Почему же так мало? Обнаруживается десяток причин.
Основная – в советские годы нельзя было говорить правду о современности. Вот и рядили актуальность в прежние костюмы, находя в истории нужные для разговора о жизни коллизии и характеры. Так творцы сопротивлялись идеологическому давлению. Как могли. Теперь это слегка обидно называют фигой в кармане.
Но имелась и честная тяга к прошлой жизни – в России, которую мы потеряли. XIX век – та жизнь казалась прекрасной, чистой, благородной. Декабристы разбудили Герцена. Он встал, умылся, разбудил революционных демократов… Это были чистые люди, борцы за идею. Так нас учили. Мы любим "Звезду пленительного счастья" Владимира Мотыля (1975) до сих пор.
Нас учили уважать классику. И великих писателей. Они "выводили" народ – он был всегда талантлив и мудр, даже пьяненький. Они описывали господ. Эти были разными. Но плохие господа все равно оставались господами. А мы же представляли себя не чернью, не слугами, не крепостными крестьянами, а благородными дворянами и прогрессивными помещиками. Точно так, как нежные девочки хотят быть принцессами. Инфантилизм общества был запрограммирован учением. И "отцом народов" доведен до предела.

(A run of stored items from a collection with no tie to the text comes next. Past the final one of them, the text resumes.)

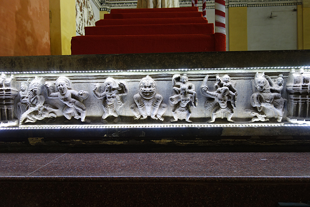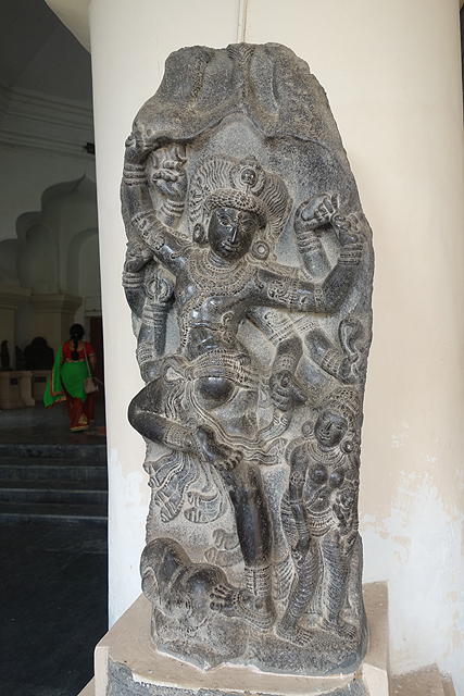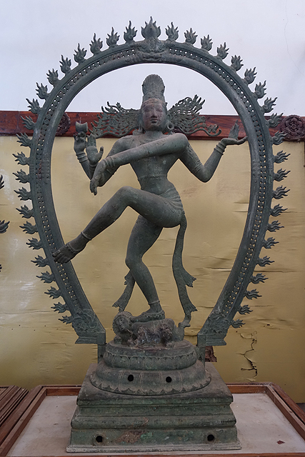拍了一陣樓面的雕琢,也從庭園造景望至邊側的小小祭壇,看「南迪」與「林伽」伴立著五彩繪飾的聖堂。還未盡興,導遊已招著手,要我們進離門廳較近的另座矮樓。這樓被標示為「New Visitor Hall」,不曉得原先是何用途,由框圍的人偶擺扭、頂部的多彩拼接、門楣的濕婆破壞舞,感覺更像是間廟堂。但就算曾有著祭奉用途,現在也變成藝廊的一部分了,能看到不少濕婆的銅鑄石雕,似乎破壞之舞還是其最經典的形象,類似的舞姿因著襯環妝點、神情變換、身肌的穠纖調整,呈現了不同的風貌。
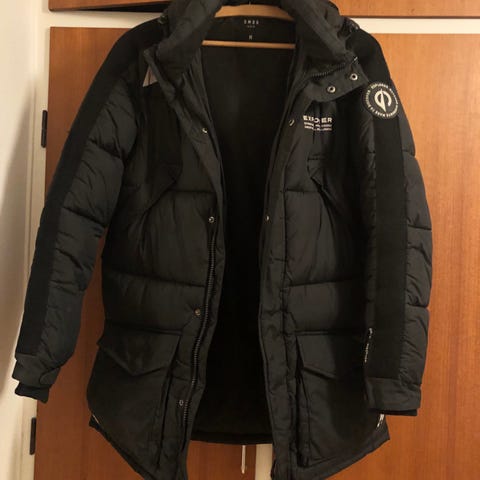 fin dunjakke sælges. Helt sort med hætte. God stand.
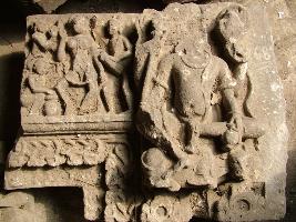 | Description / विवरण | It is a sculpture of four armed god Shiva, shown in lalitasana, on his vehicle, Nandi bull. The four armed god is shown holding trident, snake with sacred thread in body. |
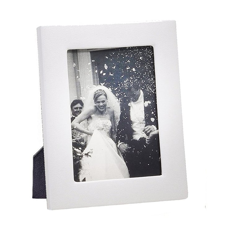 Main view Storage / Gift Box (sample) Product Details Graphic Image® Traditional White Leather STUDIO Frame by Graphic Image™ — A superb bench-crafted frame of superior calfskin leather for a luxe gift for someone special - or yourself. Crafted in white, pebble-grain nappa leather Wrapped in leather on both sides Sturdy metal easel to display vertical or horizontal photos Features a convenient drop-down rear door for easy and frequent access to photo Personalization is available Graphic Image™ hand-crafts genuine leather-bound frames, books, and personal accessories in their New York workshops since 1969. Traditional White Leather STUDIO Frame by Graphic Image™ Model #611959699018 $129.95 1 available to ship, more on the way. In stock Ships next business day [?] Your Price Match is Active Your request for a price of $0.00 for a minimum quantity of has been accepted. You have [time] left to purchase this item for $0.00 instead of $129.95 each. Find a Lower Price? We BEAT All Authorized Retailers [?] FEATURESDisplays:5"x7"Material:Leather (fine)Finish:WhiteOccasion:Anniversary, Easter, Engagement, WeddingStyle:Classic, Romantic, Traditional, ContemporaryOrientation:BothBrand:Graphic Image®Display Type:Desktop Only This item ships in its own box SHARE THIS ITEM Share on Facebook

Но как ни иронизируй, а дворянское воспитание, хоть так и не называлось, было примером воспитания. Чтение, музыка, спорт. Родители стремились все это привить-дать своим детям. Государство способствовало, параллельно "выстраивая" мозги.
Все жители советских городов – типовых серых хрущоб, пяти- и даже девятиэтажек с их ржавыми потеками на балконах и вороньей слободкой пристроенных лоджий, – хотели видеть на экране красивое. Отсюда страсть к костюмному кино у женщин (известно, что женщины водили мужчин в кино в ту пору, ведь "экшена" было совсем немного). Женщины хотели видеть турнюры и вуалетки, потому что сами носили чулки "в резиночку". И даже когда появились колготки, все равно только в старом кино – да хоть про НЭП – можно было "примерить к себе" какие-нибудь шанхайские барсы.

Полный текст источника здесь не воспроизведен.